* **WHAT NEEDS TO BE DONE**
In the entries below, find the line containing "Obfite śniadanie omlet" and the line containing "Front | Back |". Copy those two lines and everything between them exactly, and only that.

* **MATERIAL FOR THE TASK**
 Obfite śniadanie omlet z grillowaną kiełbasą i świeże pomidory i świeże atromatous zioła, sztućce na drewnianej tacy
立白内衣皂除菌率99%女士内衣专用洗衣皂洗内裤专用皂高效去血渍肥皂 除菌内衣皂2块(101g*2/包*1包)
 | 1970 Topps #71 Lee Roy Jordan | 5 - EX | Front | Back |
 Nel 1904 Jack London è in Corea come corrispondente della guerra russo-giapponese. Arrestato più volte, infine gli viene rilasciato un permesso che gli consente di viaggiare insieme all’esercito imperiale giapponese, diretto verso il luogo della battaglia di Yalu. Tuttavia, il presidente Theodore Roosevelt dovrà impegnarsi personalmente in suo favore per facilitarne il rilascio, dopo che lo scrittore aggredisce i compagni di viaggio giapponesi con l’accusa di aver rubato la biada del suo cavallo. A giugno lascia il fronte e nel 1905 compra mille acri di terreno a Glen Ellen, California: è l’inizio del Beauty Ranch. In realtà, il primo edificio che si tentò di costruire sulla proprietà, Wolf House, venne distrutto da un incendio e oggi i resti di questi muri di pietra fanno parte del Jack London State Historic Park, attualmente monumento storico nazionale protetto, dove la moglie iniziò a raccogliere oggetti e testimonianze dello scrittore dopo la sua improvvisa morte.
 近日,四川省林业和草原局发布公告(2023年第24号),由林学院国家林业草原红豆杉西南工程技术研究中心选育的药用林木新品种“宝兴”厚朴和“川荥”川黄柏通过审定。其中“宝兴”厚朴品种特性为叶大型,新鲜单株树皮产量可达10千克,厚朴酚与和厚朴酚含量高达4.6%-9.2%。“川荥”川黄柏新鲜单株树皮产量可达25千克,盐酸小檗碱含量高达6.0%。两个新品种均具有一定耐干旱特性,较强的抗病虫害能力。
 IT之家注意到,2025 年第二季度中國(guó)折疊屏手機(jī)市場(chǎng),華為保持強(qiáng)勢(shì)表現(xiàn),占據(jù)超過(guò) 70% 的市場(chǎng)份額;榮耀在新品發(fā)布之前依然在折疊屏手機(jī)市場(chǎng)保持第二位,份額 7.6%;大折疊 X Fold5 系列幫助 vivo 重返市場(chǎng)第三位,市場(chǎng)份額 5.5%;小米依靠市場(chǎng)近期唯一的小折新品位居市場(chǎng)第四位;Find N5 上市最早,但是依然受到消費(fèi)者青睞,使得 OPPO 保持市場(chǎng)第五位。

--

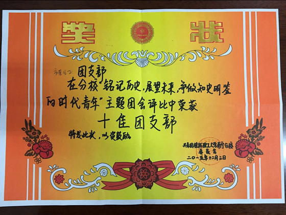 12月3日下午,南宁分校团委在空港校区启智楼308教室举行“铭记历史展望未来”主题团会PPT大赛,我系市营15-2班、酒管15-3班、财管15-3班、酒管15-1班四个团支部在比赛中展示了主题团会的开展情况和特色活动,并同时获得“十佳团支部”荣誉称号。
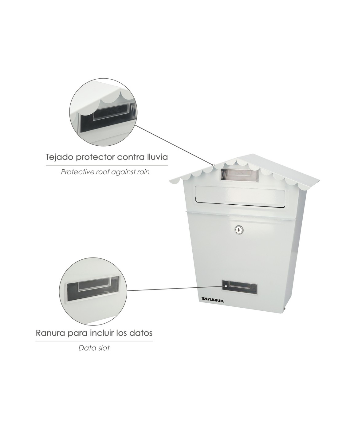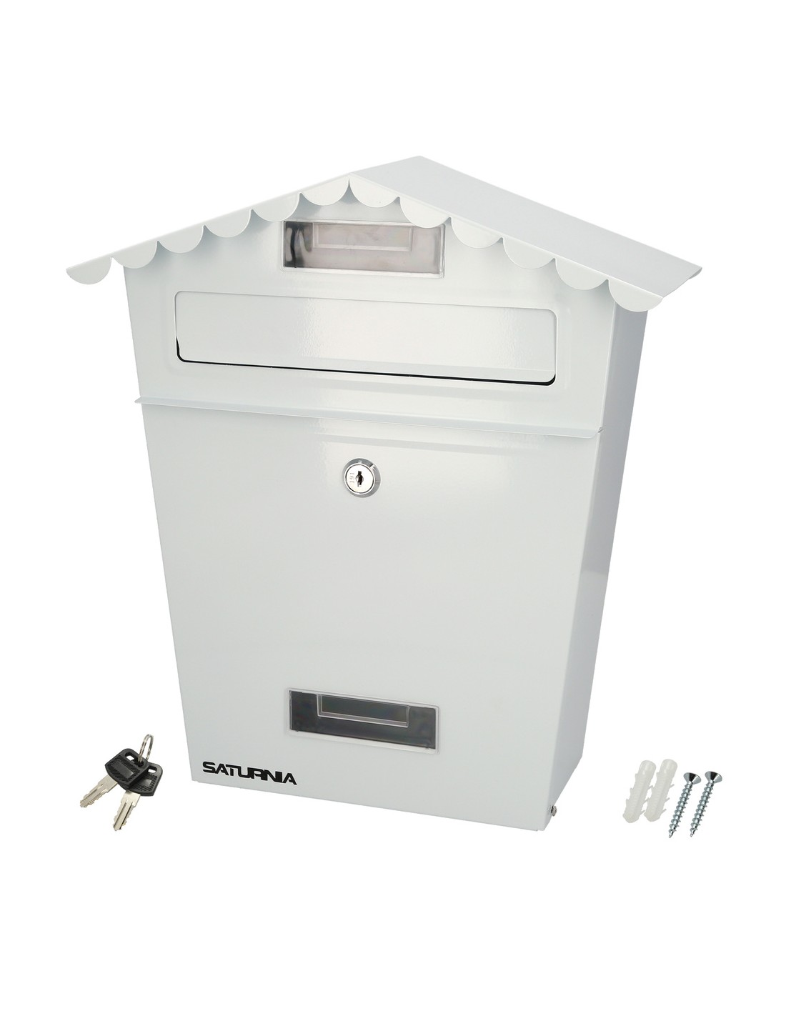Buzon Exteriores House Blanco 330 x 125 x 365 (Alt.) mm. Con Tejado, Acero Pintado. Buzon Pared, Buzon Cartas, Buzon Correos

==

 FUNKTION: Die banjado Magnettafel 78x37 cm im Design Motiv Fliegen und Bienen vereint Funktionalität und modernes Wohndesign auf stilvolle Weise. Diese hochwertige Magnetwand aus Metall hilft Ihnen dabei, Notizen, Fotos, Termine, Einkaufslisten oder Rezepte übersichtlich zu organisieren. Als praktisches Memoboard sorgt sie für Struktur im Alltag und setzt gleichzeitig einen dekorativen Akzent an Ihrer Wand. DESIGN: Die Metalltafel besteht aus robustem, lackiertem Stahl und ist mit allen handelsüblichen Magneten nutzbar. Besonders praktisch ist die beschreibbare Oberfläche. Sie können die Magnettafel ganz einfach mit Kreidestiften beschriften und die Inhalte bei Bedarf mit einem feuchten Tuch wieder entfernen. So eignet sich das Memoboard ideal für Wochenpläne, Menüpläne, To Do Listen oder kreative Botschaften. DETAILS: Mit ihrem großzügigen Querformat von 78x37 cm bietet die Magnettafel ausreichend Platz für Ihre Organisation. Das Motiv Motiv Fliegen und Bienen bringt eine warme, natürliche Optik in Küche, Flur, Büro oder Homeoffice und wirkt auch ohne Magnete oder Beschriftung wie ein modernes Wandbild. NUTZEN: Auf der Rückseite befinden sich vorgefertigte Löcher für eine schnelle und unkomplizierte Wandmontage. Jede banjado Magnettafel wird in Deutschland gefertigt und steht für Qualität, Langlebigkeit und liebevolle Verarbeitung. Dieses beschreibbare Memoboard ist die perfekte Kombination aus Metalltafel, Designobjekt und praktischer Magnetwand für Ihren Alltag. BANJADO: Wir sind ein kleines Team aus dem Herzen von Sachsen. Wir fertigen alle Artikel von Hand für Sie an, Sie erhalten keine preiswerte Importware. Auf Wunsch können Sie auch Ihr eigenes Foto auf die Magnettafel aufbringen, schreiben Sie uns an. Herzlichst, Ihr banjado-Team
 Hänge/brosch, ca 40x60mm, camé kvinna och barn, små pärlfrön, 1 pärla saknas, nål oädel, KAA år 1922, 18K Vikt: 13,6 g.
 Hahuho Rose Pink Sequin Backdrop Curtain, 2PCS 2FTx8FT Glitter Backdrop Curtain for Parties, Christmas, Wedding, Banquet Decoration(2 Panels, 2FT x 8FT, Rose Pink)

* **ANSWER FOR THIS EXERCISE**
 Obfite śniadanie omlet z grillowaną kiełbasą i świeże pomidory i świeże atromatous zioła, sztućce na drewnianej tacy
立白内衣皂除菌率99%女士内衣专用洗衣皂洗内裤专用皂高效去血渍肥皂 除菌内衣皂2块(101g*2/包*1包)
 | 1970 Topps #71 Lee Roy Jordan | 5 - EX | Front | Back |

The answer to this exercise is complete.